Pernyataan ini disampaikan oleh Mahmudi, Wakil Dekan Ushuluddin Institut Ilmu Keislaman Annuqayah saat mengisi acara di Pro 2 Radio Republik Indonesia (RRI) Sumenep. Diketahui acara ini diinisiasi oleh Pengurus Cabang (PC) Lembaga Pendidikan Tinggi Nahdlatul Ulama (LPTNU) setempat.


"Yang dimaksud pontificial disebut insan kamil. Puasa dijadikan jembatan antara surga dan bumi. Sedangkan promethean adalah kebalikannya, karena dalam tasawuf manusia ada yang baik dan buruk," ucapnya, Sabtu (8/4/2023).


Dalam pandangannya, berpuasa merupakan ibadah yang menguatkan spiritualnya daripada fisik karena spirit adalah nafas atau jiwa. Ketika manusia berpuasa sesuai esensinya, ia berada pada garis ahsani taqwim. Artinya, dijadikan jembatan untuk bertaqarub pada-Nya. 


Ia menyitir konsep Al-Ghazali bahwa berpuasa ada levelnya, yaitu puasanya orang awam, puasanya orang khusus, dan puasanya orang khawasul khawas (khusus buat orang khusus).


Dijelaskan, orang yang berpuasa di level awam, hanya menahan lapar dan dahaga. Orang yang berpuasa di level khusus, ia manahan pendengaran, penglihatan, lisan, dan segala anggota tubuhnya dari perbuatan dosa. Misalnya tidak ghibah, mencaci-maki, dan sebagainya.


"Di level yang ketiga atau yang tertinggi (khawasul khawas), ia tidak hanya manahan diri dari maksiat/al-munkarat, ia juga menahan hatinya dari keraguan terhadap hal-hal keakhiratan. Misalnya menahan pikirannya dari persoalan duniawiyah dan selalu menjaga diri dari berpikir kepada selain Allah. Bisa jadi jika melihat seseorang lupa pada Allah, ia menganggap puasanya batal," terangnya.


Alumnus Pondok Pesantren Annuqayah Guluk-Guluk ini menegaskan bahwa puasa mengajari manusia menguatkan spiritual. Hal ini senada dengan ilmu kedokteran yang menyatakan bahwa berpuasa dapat menyehatkan badan.


Mahmudi mengutarakan, fisik pasti musnah. Sedangkan spiritual pasti abadi. Maksudnya, ibadah puasa yang dijalankan umat Muslim di penjuru dunia, pahala akan melipatgandakan oleh Allah. 
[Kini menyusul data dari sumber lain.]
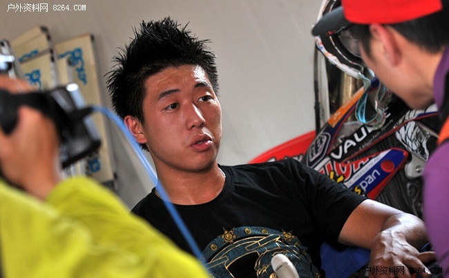 師雨萌雖然拿到亞軍,但這場(chǎng)比賽比較郁悶,他說(shuō):"第二場(chǎng)比賽,發(fā)車就被彭天偉超過(guò)了,之后一直壓著,怎么超也超不過(guò)去,心有余力不足了。"登上領(lǐng)獎(jiǎng)臺(tái)的彭天偉則很興奮,發(fā)車就沖到最前是他昨天比賽結(jié)束后就定下的戰(zhàn)術(shù),最終他以第二名沖過(guò)終點(diǎn),驚險(xiǎn)拿下總成績(jī)季軍。下圖為對(duì)手緊追彭天偉身后。
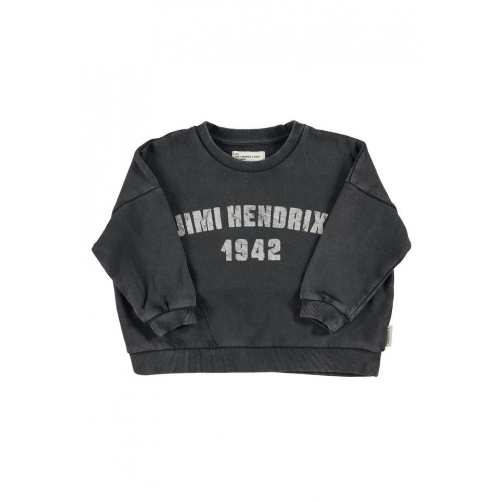 Unisex sweatshirt with frontal print and a little white star at back. Seam details. Carded organic cotton fleece. Ribbed cufs. Baby sizes have buttons on the shoulders. Made in Portugal
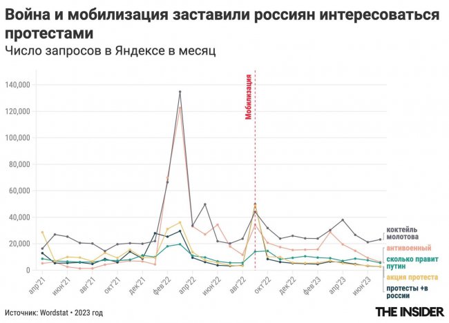 Интерес ко всему протестному падал прямо пропорционально росту числа уголовных дел за «дискредитацию ВС РФ». В марте и апреле 2023 года число поисковых запросов снова стало расти — и дело не только в том, что россияне искали протесты во Франции, Грузии и Израиле. Об этом можно судить по тому, что одновременно все чаще ищут слова «антивоенный» и снова тот же «коктейль Молотова». Однако чем ближе к лету, тем меньше россиян интересовала протестная активность.
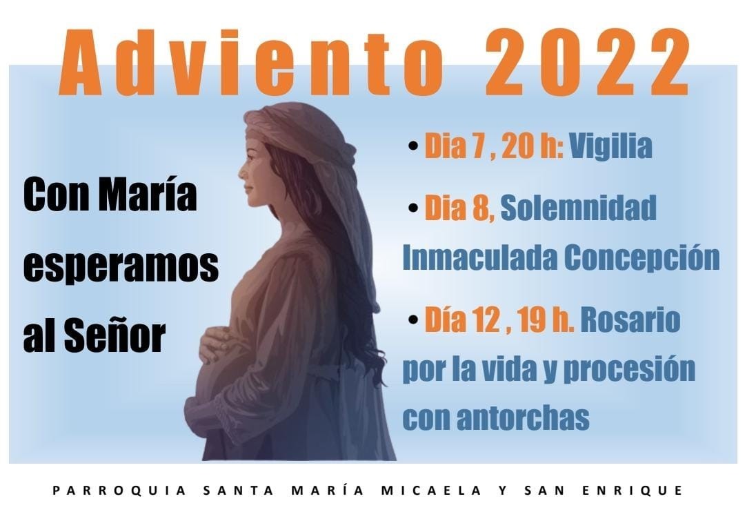 - Santa María Micaela. La celebración d ela Inmaculada se enmarca en los días de Adviento dedicados a la Virgen. La parroquia celebrará una vigilia el día 7 a las 20:00 horas y continuará con la solemnidad de la Virgen, el día 8.
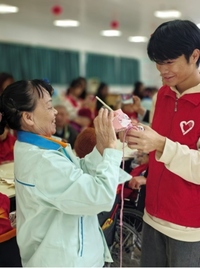 敬老传情,美德延续。od平台官方官网与规划学院团总支组织近30名青年志愿者走进南宁市金太阳老年公寓,开展“巧手筑心意,敬老传温情”志愿服务活动。志愿者们陪伴老人制作养生艾草锤,倾听他们的故事,并将成品装入亲手绘制的手提袋中赠送。活动不仅为老人送去了温暖,也让青年学子在互动中传承了敬老爱老的中华美德。
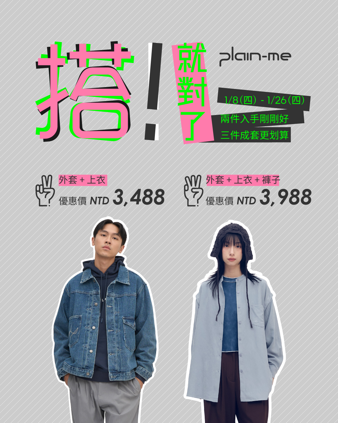 活動內容:- 外套 + 上衣 = 會員價 NTD 3,888 VIP價 NTD 3,488

"Sebagaimana hasil riset medis, manusia yang berpuasa, hawa nafsunya akan berkurang dengan sendirinya. Dijelaskan pula dalam konsep tasawuf, ada orang puasa tapi sebetulnya tidak berpuasa. Ada orang yang tidak berpuasa tapi pada hakikatnya berpuasa," ujar pria yang berkhidmah di Pengurus Ranting Nahdlatul Ulama (PRNU) Daleman, Ganding, Sumenep.


Dilanjutkan, mestinya seseorang berpuasa secara substantif. "Tidak hanya dzahir, pasalnya banyak orang hanya mendapatkan lapar dan dahaga. Mengapa demikian? Karena esensinya tidak didapatkan," ujarnya. 
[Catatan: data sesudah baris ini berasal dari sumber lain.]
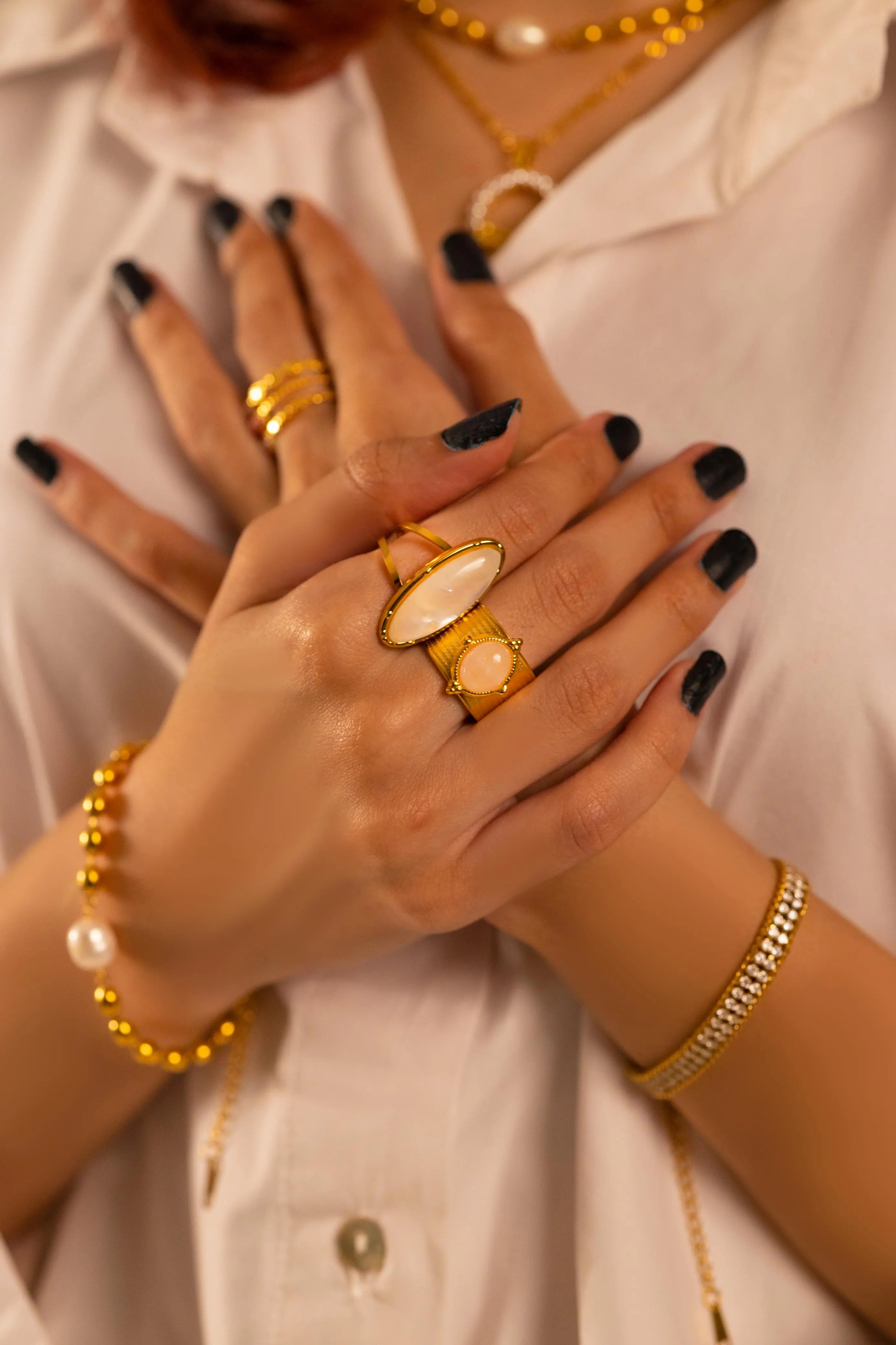 Product Info: Our stainless steel jewelry, meticulously crafted with 18k gold PVD plating for enduring beauty and durability. Designed for comfort and safety, our pieces are waterproof and resistant to tarnishing, ensuring effortless style without compromise. Enjoy timeless elegance and long-lasting quality with minimal maintenance, perfect for those with sensitive skin.

"Mungkin belum menyadari sepenuhnya terhadap esensi puasa. Padahal, hakikat puasa taqarub pada Allah dan menuju keselamatan dunia akhirat. Kalau tidak berdampak pada kepribadiannya, itu namanya puasa dzahir," ungkapnya.


Awalnya, kata Mahmudi, seseorang diajari berpuasa dzahir, tapi lama kelamaan akan terbiasa menghadapi pada hal-hal batiniyah. Kondisi manusia di masa di masa kini, manusia sudah menguasai alam, pintar secara teknologi.
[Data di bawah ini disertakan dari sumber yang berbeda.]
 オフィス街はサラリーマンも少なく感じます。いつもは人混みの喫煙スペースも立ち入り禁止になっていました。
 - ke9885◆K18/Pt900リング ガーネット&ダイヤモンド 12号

"Sejak masuk abad modern, manusia akan terjerumus atau masuk kategori promethean. Agar tidak terjerumus, manusia harus sadar dan berdialektika dengan alam," uajrnya menyitir gagasan Scientia Sacra Seyyed Hossein Nasr.


Ia menyatakan, manusia dan alam adalah subjek. Sesama subjek tidak boleh ada eksploitasi, karena sejatinya alam subjek. Orang modern merasa berkuasa. Toh lama-kelamaan alam dirusak oleh ulah manusia sendiri.


"Kami terinspirasi dari bukunya Kiai M Faizi dengan judul 'Merusak Bumi dari Meja Makan. Manusia mulai tidak menghargai alam. Namun kita tetap optimis mengikuti anjuran nabi dan mengingat kembali esensi manusia yang tidak mengejar fisik serta dunia saja," harapnya.


Guna membangun optimis pontificial, sambungnya, manusia yang berpuasa harus mengingat kembali tujuan hidup manusia. Di mana manusia mulai menahan ambisi, dan sejenisnya.


"Mari kita mulai dari diri sendiri. Belajar mengenal kembali perjalanan manusia untuk dunia dan akhirat," tandasnya.